Satu fakta yang menyayat hati adalah, pergerakan para pegawai koperasi harian di jalan raya. Kita mengerti bahwa, mereka juga takut akan kecelakaan dan mereka tahu, apa yang mereka lakukan itu sangat berbahaya untuk keselamatan diri sendiri dan orang lain. Ini yang saya katakan di atas bahwa, kemanusiaan kita dan mereka di era sekarang, baru mulai atau sudah dikikis setengah jalan.
Atas dasar kebutuhan hidup untuk hari ini, target hari ini, dan masa depan pekerjaannya. Bukan kita tidak menginginkan sebuah kehidupan yang nyaman dan indah.

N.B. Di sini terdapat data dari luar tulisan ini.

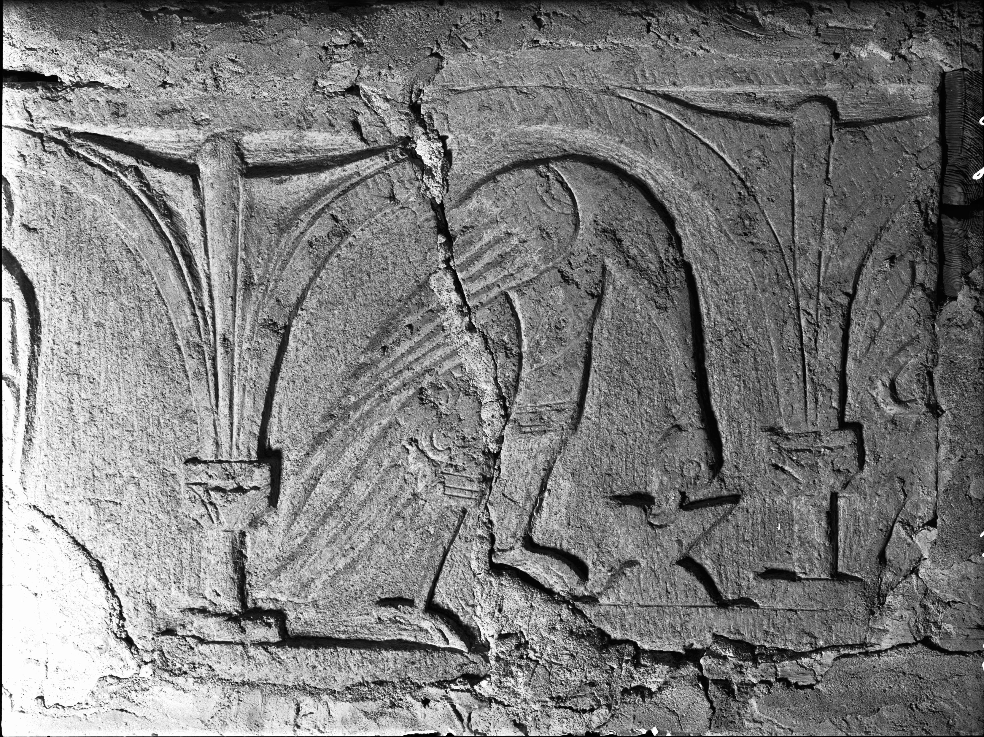 Byzantiosreliefer på korets sydfasad. Trana som dricker ur bägare.

Tapi dunia sekarang menuntut kita untuk bekerja lebih giat dan lebih giat lagi, demi kemanusian itu sendiri. Namun kita bisa melihat dan merasakan, bahwa itu malah jauh dari menjadi kemanusiaan, sangat paradoksal memang.
Hal ini yang membuat saya termotivasi untuk menulis. Ketika saya diperlihatkan sebuah video kecelakaan pegawai koperasi harian, dari seorang teman. Pertama, saya turut berduka cita yang mendalam kepada para korban, kedua saya mengutuk keras sistem bobrok(entah yang namanya kemajuan, ekonomi, modernitas, kapitalisme, atau globalisasi, dan istilah-istilah elite lainya) yang secara tidak langsung menuntut seseorang, sehingga sampai kehilangan nyawanya. Jika bukan karena sistem bobrok ini, siapa yang mau rela ngebut mengorbankan nyawanya dan orang lain, demi sebuah kertas rupiah, yang belum tentu bisa membiayai kuburan atau cacatnya mereka. Mereka sudah kehilangan jati dirinya, ditambah membusuknya tubuh mereka di liang Lahat, miris memang.
Saya kurang memahami tentang koperasi harian ini. Apakah sudah di atur dalam undang-undang atau belum, namun orang-orang sering menyebutnya sebagai koperasi berkedok rentenir. Jika benar, maka sangat menyayat hati. Bagaimana tidak menyayat hati, sebagaimana tidak di atur dalam undang-undang, atau berada di bawah naungan koperasi, pekerjaannya sangat berisiko. Itu jika dilihat dari segi hukum, tapi bagaimana dengan keselamatan kerja mereka, entah itu kecelakaan kerja atau sakit. Siapakah yang akan memperhatikan atau menolong mereka dikala sakit, atau cacat karena kecelakaan. Dan para pemodal besar, terus berkampanye "dengan kredit Anda akan menjadi kaya." Sampai ke ujung negeri.
Sekarang, tidak ada yang menyelamatkan kita, atau para pegawai koperasi harian. Semua terus dipaksa dan dieksploitasi oleh sistem berkedok menyejahterakan umat manusia. Siapa yang sudah puas, di garasi penuh mobil bermerek, rumah penuh perabotan, kulkas penuh makanan, dan lemari penuh pakaian sesuai acara.
Entah ini konspirasi atau bukan, kehidupan kita sekarang disetir oleh modernitas. Tak perlu jauh-jauh sampai ke konspirasi elite global. Namun nyata dan secara terang-terangan, modernitas memberitahu kita. Melalui buruh yang diperas siang dan malam, dan hanya ketahuan tidur satu sampai dua menit, langsung dipecat. Melalui kita yang terus-menerus mencari dan mengeluarkan uang, hanya untuk membeli kuota agar bisa menggeser beranda TikTok, atau yang paling menyayat, hilangnya nyawa seorang pegawai koperasi akibat kecelakaan di sebuah jalanan sunyi dan tidak ada yang melihat, kecuali burung kecil yang berkicau dan embusan angin pelan di pagi hari. Jika kita sadar akan kebutuhan, kita juga harus lebih sadar kepada, siapa diri kita, posisi di mana kita berada, dan mana yang sesuai dengan prioritas kehidupan manusia, secara esensial.